Dopo una spettacolare discesa non c’è neppure il tempo di rifiatare che già bisogna salire verso l’Izoard. Il secondo colle di giornata, la cui vetta è a 2360 metri, misura 14.4 km e ha una pendenza media del 7,3%. Dopo un’altra discesa non facile si arriva a Briançon e si inizia a intravedere, minacciosa, la sagoma della salita principe del Tour de France, il Galibier.
E’il cinquantasettesimo passaggio in vetta, il primo in occasione di una arrivo che sarà il più alto nella Storia del Tour. Mai prima d’ora la Grande Boucle è infaftti terminata a 2645 metri d’altezza.

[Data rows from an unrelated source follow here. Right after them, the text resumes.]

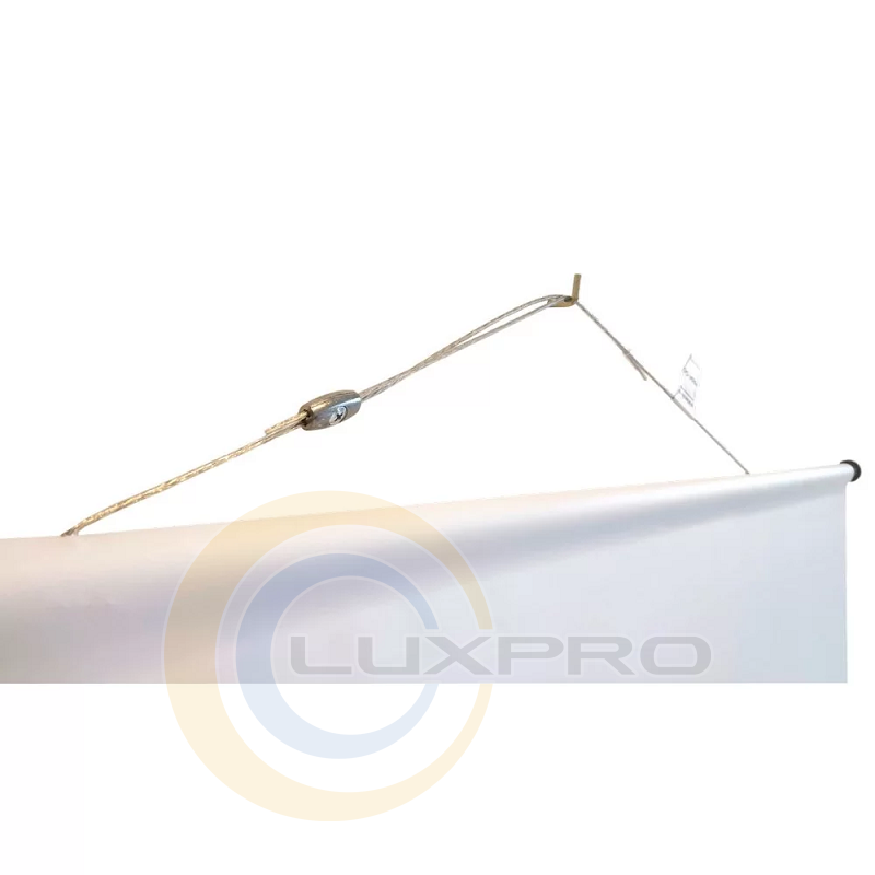Благодаря гибкой системе размещения вы можете легко повесить экран на стену, потолок и любую другую точку опоры за регулируемый по длине трос. В случае необходимости можно в любой момент снять экран и/или свернуть в компактный рулон. В комплект входят удобные липучки для фиксации экрана в свернутом положении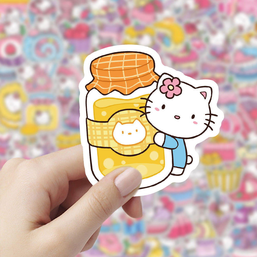 飾毆手賬防水diy貼畫 100張kit小貓貼紙卡通可愛創意食物三麗diy裝由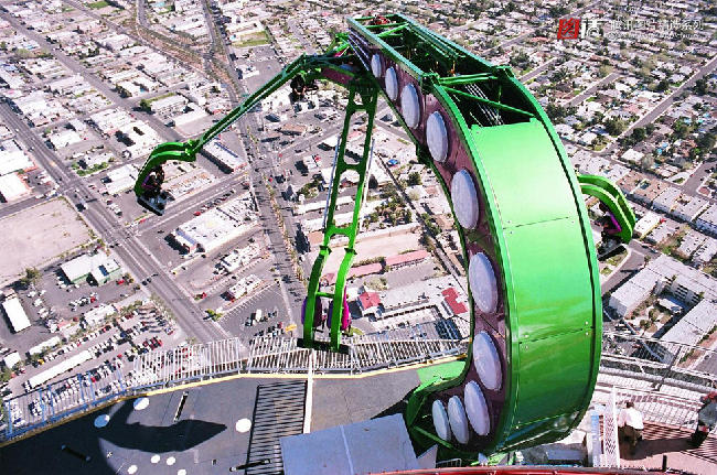“疯狂转轮”采用类似旋转八爪鱼游戏的设计,建造在塔顶边缘,游玩者在游戏过程中会有一部分时间是悬空于离地面274米的高空。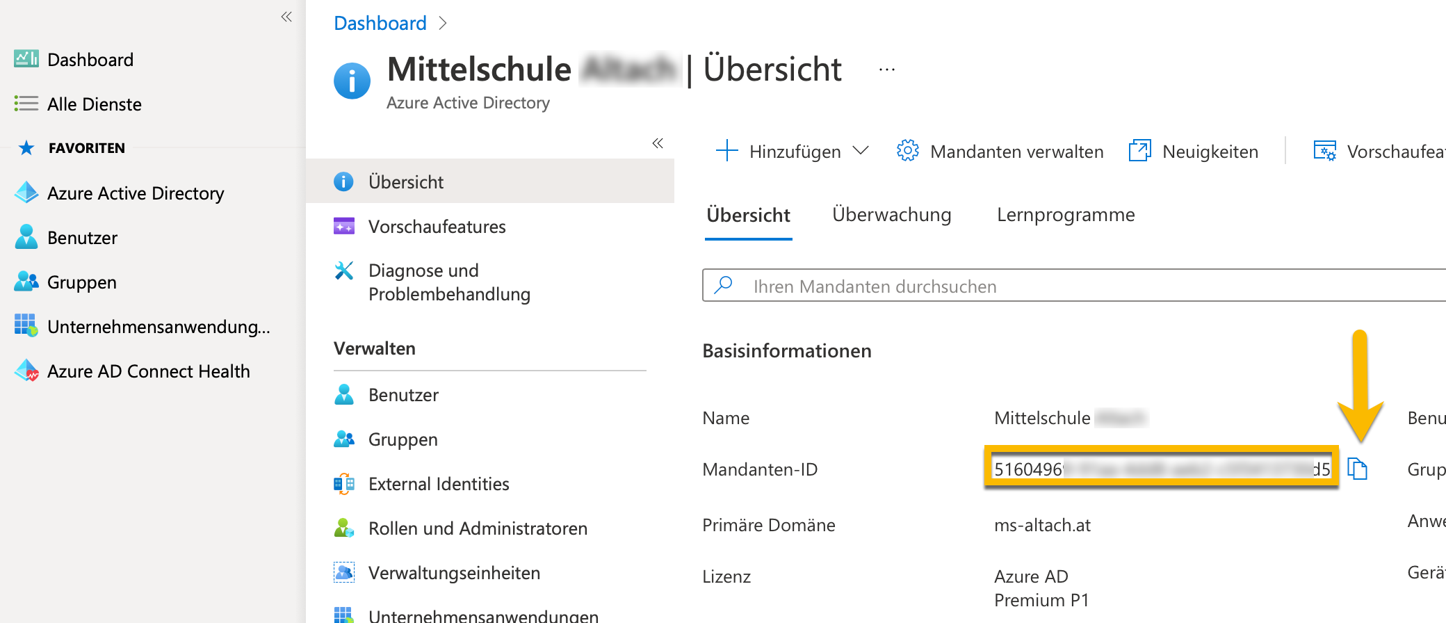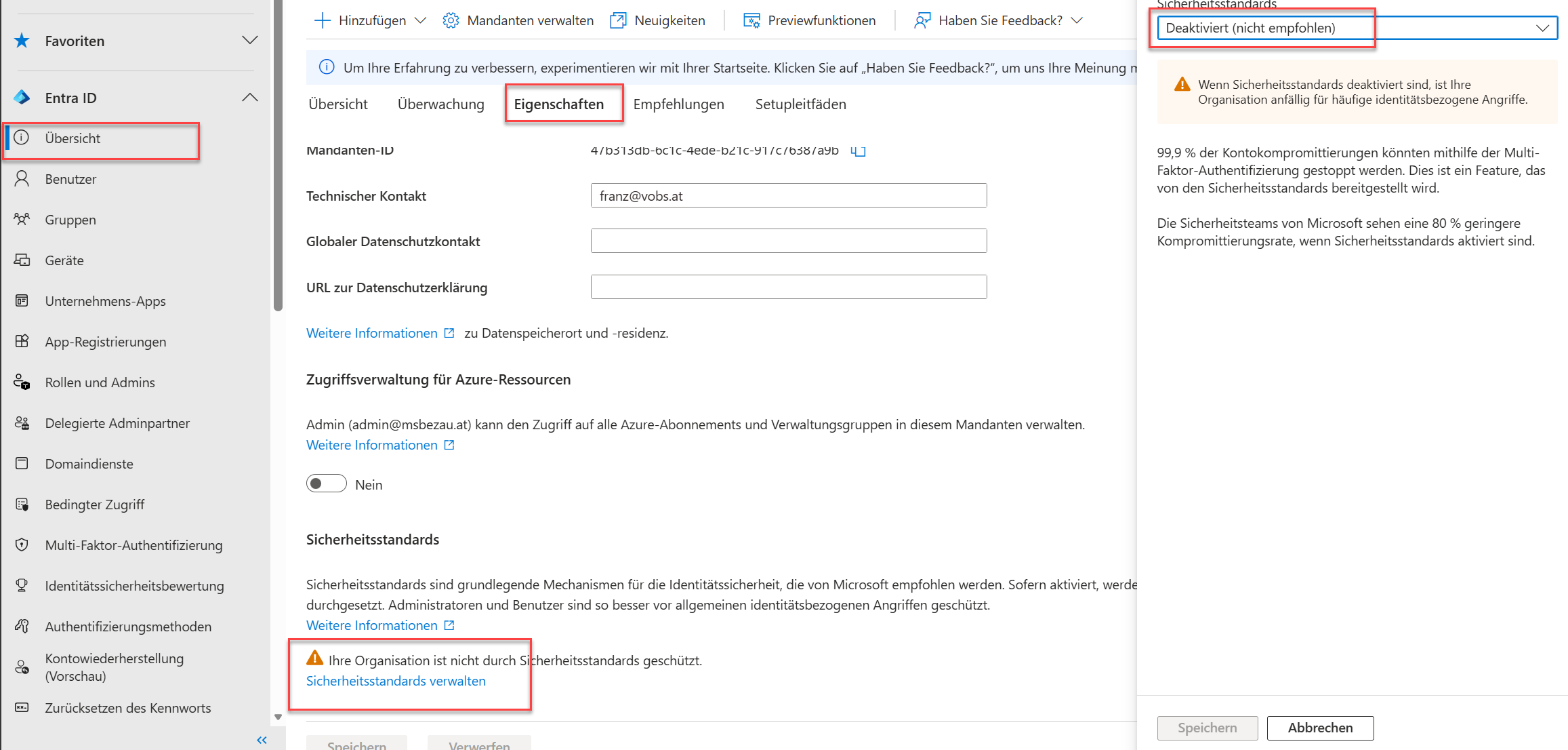 „Entra Admin Center – Übersicht – unten auf Menüpunkt „Eigenschaften“:

La neve, che è caduta anche l’altro ieri, le due settimane e mezzo di fatica alle spalle, e le due ascese precedenti renderanno infernali gli ultimi 23 km di una tappa destinata ad entrare nella Storia della Grande Boucle. Il Galibier, che oggi viene affrontato dal versante sudorientale, ha una pendenza media del 5,1%  e un ultimo chilometro terribile, in cui si scende raramente sotto il 9%.
Questo pomeriggio è bene non prendere impegni. I protagonisti del Tour promettono di offrire uno spettacolo indimenticabile.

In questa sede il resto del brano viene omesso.